# Nissan Xtrail QR25 bad fuel consumption



## salimsaid (Jun 5, 2017)

Hi all, my nissan xtrail is running at 5KM/L which is not normal,

i used an obd 2 scanner to read the engine codes, the check engine light is oN.

I got two error codes

1. P0420 - Powertrain Catalyst System efficiency below threshold (Bank1)
2. P0138 - Powertrain 02 Sensor Circuit High voltage (Bank1 Sensor 2 )

Sorry i can't upload a screenshot for the read codes, my account is still new.

Do i need to replace both the catalytic converter and the 02 sensor ?

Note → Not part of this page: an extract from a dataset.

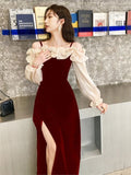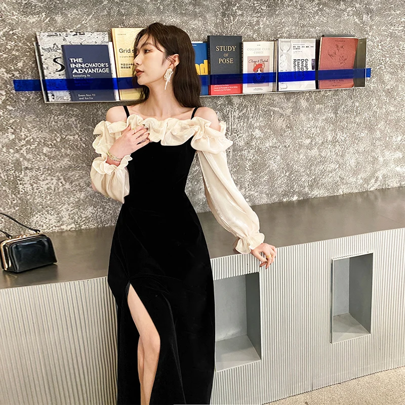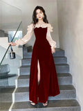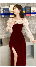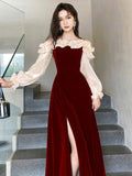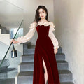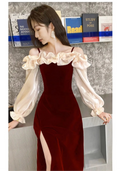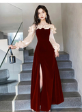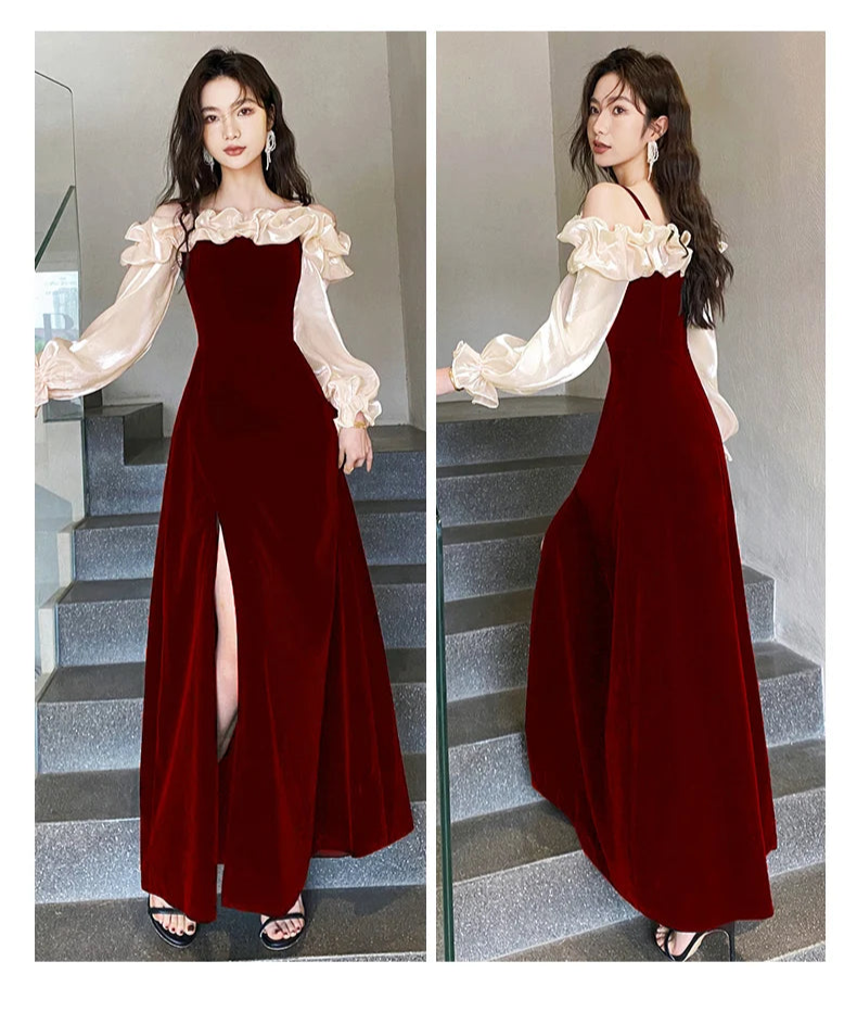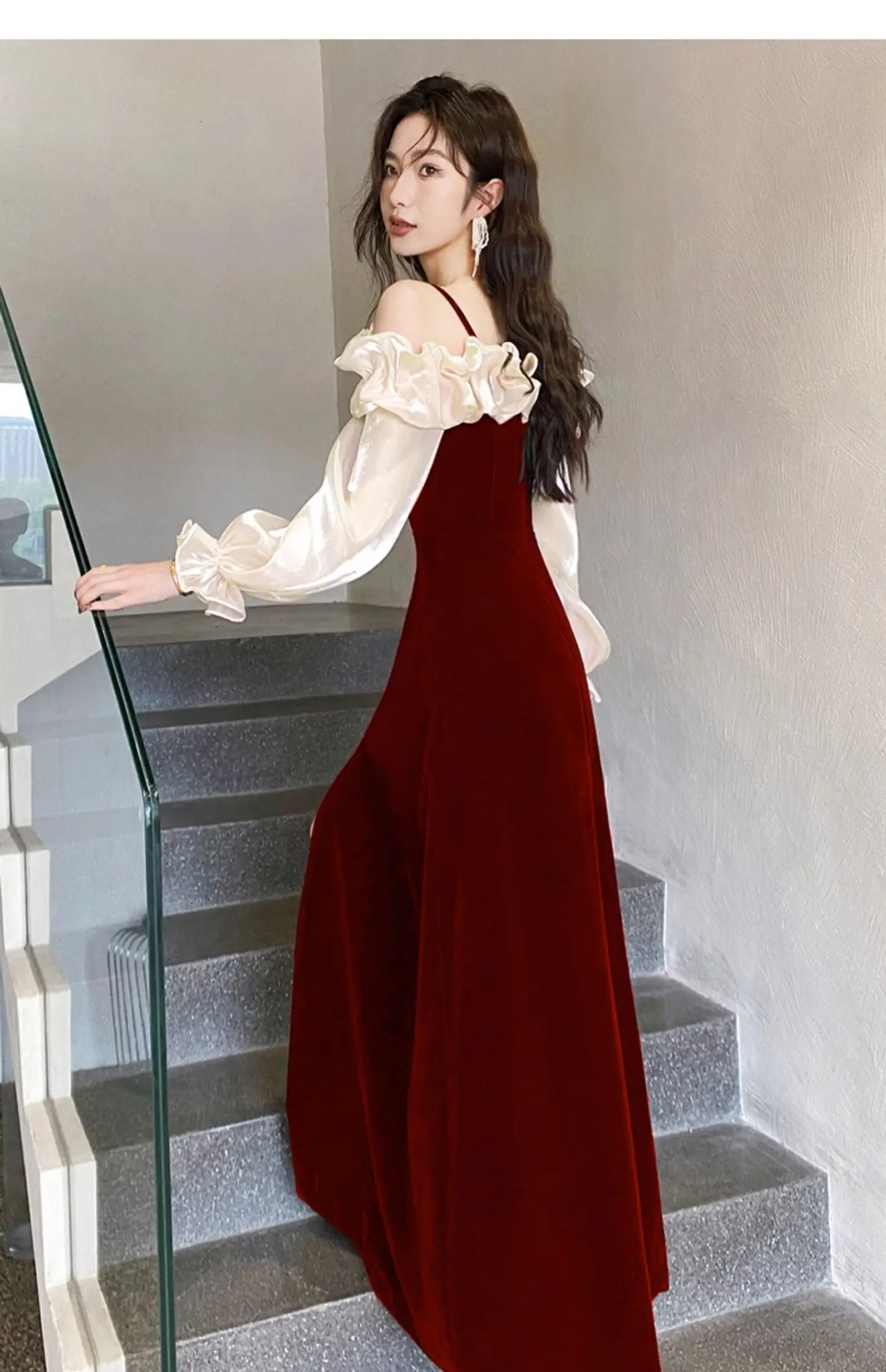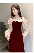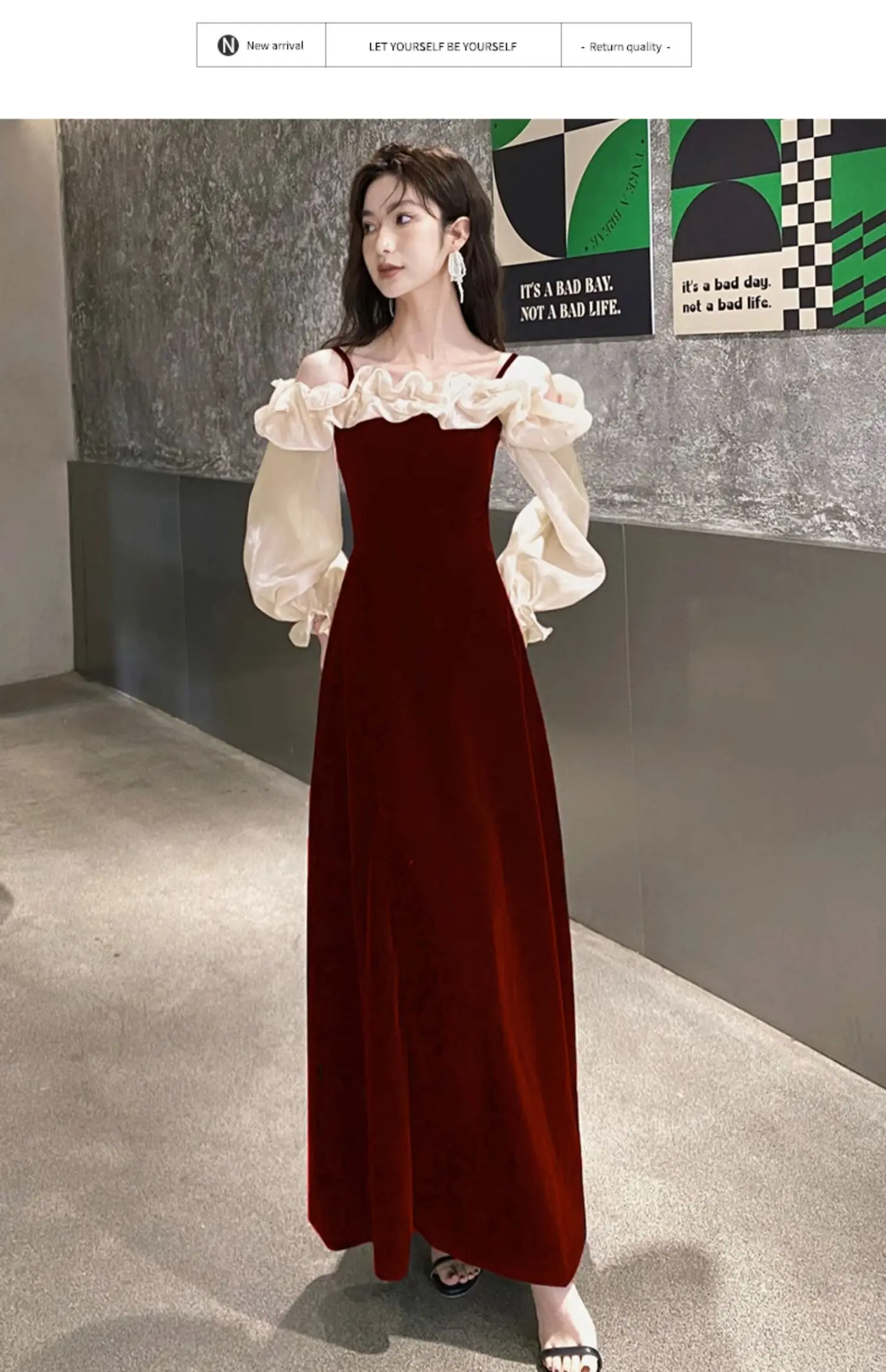 此款優雅紅色洋裝以復古風格為設計核心,採用一字領搭配蓬蓬袖與荷葉邊裝飾,展現出女性的浪漫與典雅。適合參加婚禮、晚宴、派對、舞會等場合,是您衣櫃中不可或缺的宴會戰袍。

Where is Bank1 sensor 2 located ? 

I am thinking of replacing all 02 sensors since the car has already run 130K Miles, is there a possibility of improved fuel efficiency after replacing the 02 sensor ? Thanks.


----------



## quadraria10 (Jul 6, 2010)

Salim read through the forum a bit or do a search. There is lots of info about 02 sensors and catalytic converters

FYI-- this is a good read

The Misleading Nature of the PO42O Code - Eastern Manufacturing


----------



## greenbay (Jun 14, 2018)

Hello Salim could you solve your problem ? My fuel economy is too low after the recent engine tune up. I have a T30 2.5 (QR25DE AUTO) and currently its doing about 5.5 kmpl. It was doing about 7kmpl. I don't see the check engine light turns on. I asked the mechanic to recheck and he said its fine. I didn't change the roads or the driving pattern. What can be the issue? Usually what is the best fuel economy of a qr25de auto ?


----------



## greenbay (Jun 14, 2018)

After the 2nd engine tune up. Now My car is doing about 6.5 to 7 kmpl. Actually what the best fuel consumption of a x-trail qr25de auto ?


----------



## quadraria10 (Jul 6, 2010)

Best is around 11 to 12 km per liter, but that would be pure highway on fairly flat terrain with summer gas. Worst is about 6 to 6.5 km per liter which involves pure city driving in winter conditions and winter gas formulations.
I am curious what was involved in your tune-ups? Other than changing oil and filter, maybe air filter and sparkplugs there is not much to be done. It is good to change oxygen sensors when they are approaching the end of their service life which is somewhere between 80,000 and 150,000 kms. As they degrade they provide less accurate info to your cars computer and you will burn more gas as a result. By the time the check engine light goes on, it means the O2 sensor is operating below 75% efficiency.


----------